First of all some background/context.
I don’t call myself performance tester although practiced this for some years and now typically manage performance tests either done by testers or developers. So I’m not going to compete with those who know java garbage collection mechanisms, web applications server architecture, etc. I’m going to approach in a somewhat black-box way while describing common performance issue patterns.
Secondly one of my hobbies is math. to be exact I’m giving lessons in combinatoric for undergraduates preparing them for international mathematic Olympiad. Guess what – I prefer using my brains (doing analyze, modeling, calculations and recognizing performance issue patterns) instead of going frenzy scripting use-cases. Running them again-and-again. Tuning both scripts and applications. Finally showing numerous graphs to management convincing them our tools are so great at collecting data.
And last but not least I have always got support from developers during performance testing and never seen them blaming tools (probably because of LoadRunner is so recognized). They have supported me with code, information about DB structure, architecture, etc. I was lucky to have built-in logging (either as debug or normal feature) features on most of applications I have tested. I only sometimes got them not believing in my calculations that I addressed by emulation afterwards...:).


Performance issue patterns
· Issue number one I know is what I call “data scalability”. You should simply populate each one of your tables (that are supposed to be dynamically extended) with at least some 10 000 rows, while the main tables (supposed to be the huge ones) with some million rows. You will need a script for this or a copy of production system. Developers typically provide me with such a scripts. But you will see a lot of issues even in functional testing – some requests will be running for half a minute instead of second or two.
· Client request returning dynamic set of data (e.g. table or tree). Although self-evident this is still unfortunately a common issue that data are retrieved from database row-by-row or one-by-one item instead single SQL statement. I’m not going into details as I believe this is really clear case and it is clear how to test it – just increase data set to be retrieved and see if time increases linearly (wrong) or by logarithm or something (right).
· Lack of indexes in database. Simply monitor DB CPU usage - if a single client call uses significant (see last item “lack of CPU resources” for CPU usage monitoring hints below) amount of CPU resources, this will under load make DB to become slow.
· Simultaneous client requests trying to update the same data: either database row/cell or file in file system, or anything. Just analyze what business data are shared among different users and what activities will update the same value. Typical case is getting next instance out common queue of tasks. Get 3 of 4 computers and try to execute this function simultaneously (press submit button at a time) and examine for issues (e.g. two users get the same item:-). Note: if you have MS SQL DB it does page lock by default, which mean if two requests update two different rows which are next to each other, they will still lock each other... probably there are more such technical issues in other tolls I’m not aware of.
· Simultaneous client requests causing server to use the temporal file in the file system.
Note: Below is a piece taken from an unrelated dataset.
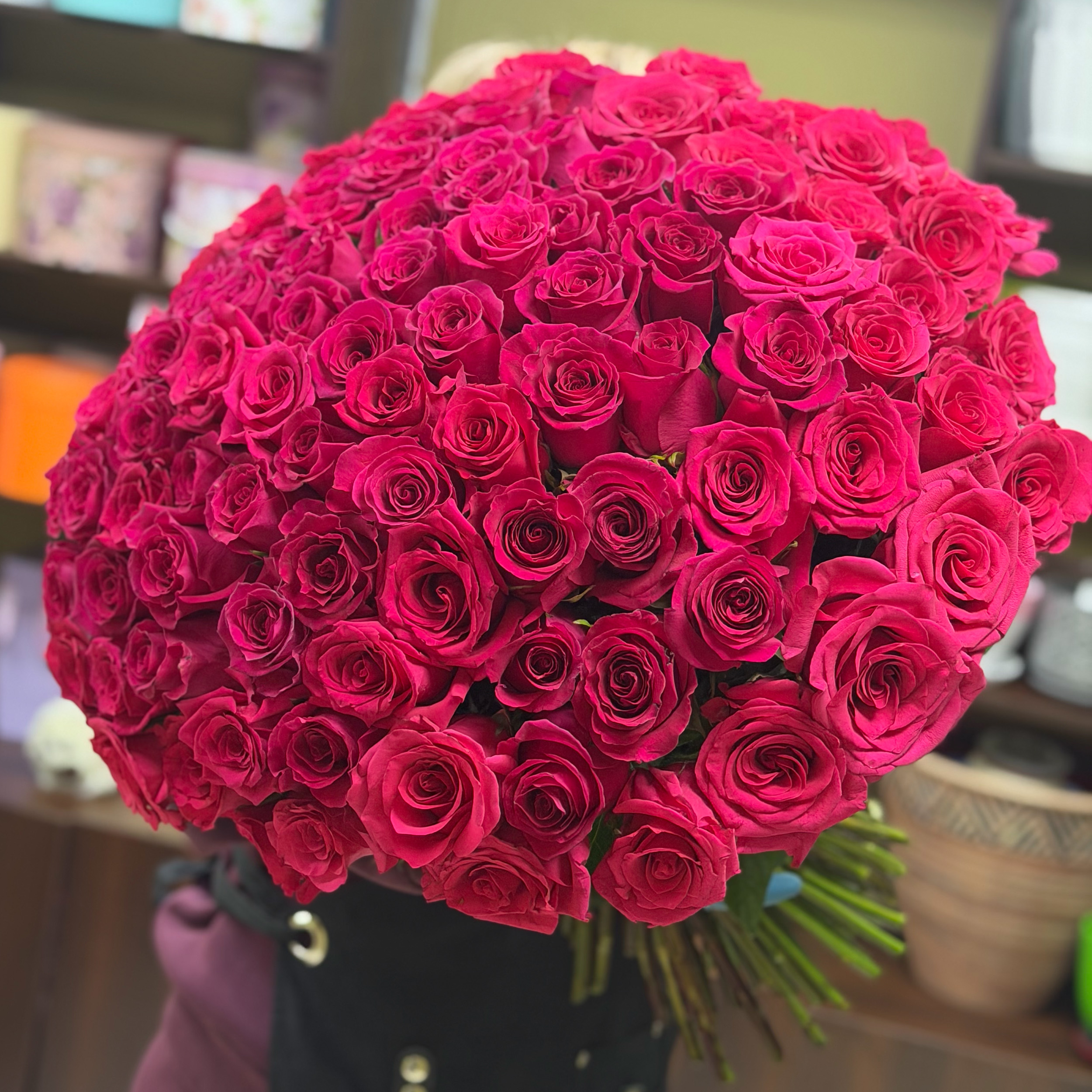 101 ярко-розовая эквадорская роза премиум сорта Gotcha, Vi Pink.

I believe this case is clear and you need to either do code review or use some specific tools monitoring file system to detect those issues.
· Simultaneous client requests causing server to execute some thread-unsafe 3rd party library call (e.g. MS word converting documents). Either developers forget to add semaphore or added, but it cause all except one thread to return error to client or cause a long waiting. Here I suggest involving developers or again using tolls that examine DLL (or something) usage or read dev. documentation – what 3rd party tools used and read those tools documentation for thread-safety support.
· No or weak support of load balancing for processing user requests. Well I don’t have a good experience with this one... Still it is wrong assumption this can only be tested under load. You should use only few computers as client and closely monitor your hardware balancing (both resource usage tools and reading debug logs). Try to review architecture – is the server (e.g. EJB) stateless or store some dynamic info per user?
· No or weak load balancing for background operations. This is tricky one. Example: two systems need to communicate each other in background. The simplest way is to pass all data in historical order. This will make logic of data processing simpler and work faster. However this will mean you can’t scale your system by adding more computers to process this in parallel. Another example process that go through the table and process each record somehow. If the process is slow you may want to run multiple instances, but then you need to add record locking mechanism that will slow down each separate process. To detect those issues you should simply ask if it is possible or try to run two or more instances.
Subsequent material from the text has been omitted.